Yeah, yeah. I know. God is not a cosmic Santa Claus. But damnit, some help would be useful. Not just help for me, either. There's a genocide in Darfur, a homicidal maniac controlling North Korea and a man-ape hybrid sitting in the Oval Office. And, of course, there's cures for cancer, AIDS and Alzheimer's to think of.
However, I'm being told that it's God's will for me to be at Cedarville. WHY??? I like my friends here. I love my church here. I HATE the collective student body and their stupid, meaningless arguments about the finer points of Christian theology. If Christians are supposed to be a family, then I hope that God is a damned good family therapist. I'm so sick of all the labels that get tossed around, and even sicker of the ones that so often get applied to me and my friends.
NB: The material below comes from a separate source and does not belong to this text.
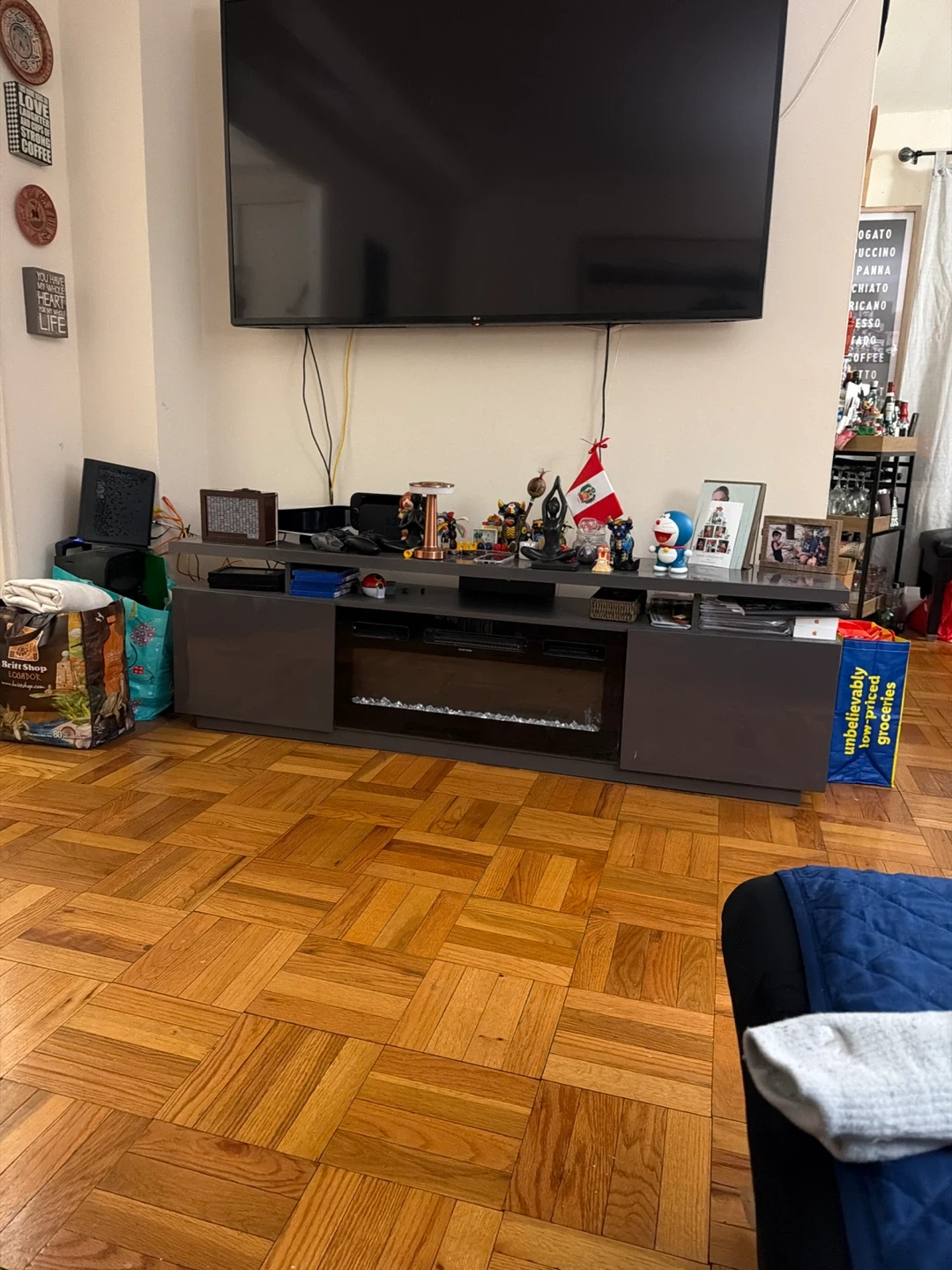 This TV stand features a built-in electric fireplace. It has a dark gray finish and offers ample storage space. The stand is designed to hold a flat-screen television.

Am I a member of the emergent church? Well, no. There aren't any 'members' of the emergent church. It's not like the Southern Baptist Convention. It's a philosophy and a way of life. That's all.
Am I a liberal? Ask a Republican, they'll say yes. Ask a Democrat, and they'll say no (which is hilarious since I am a Democrat). I'm me. Deal with it.
Am I saved? I think so. Not that it's anyone's business, not unless I decide it should be.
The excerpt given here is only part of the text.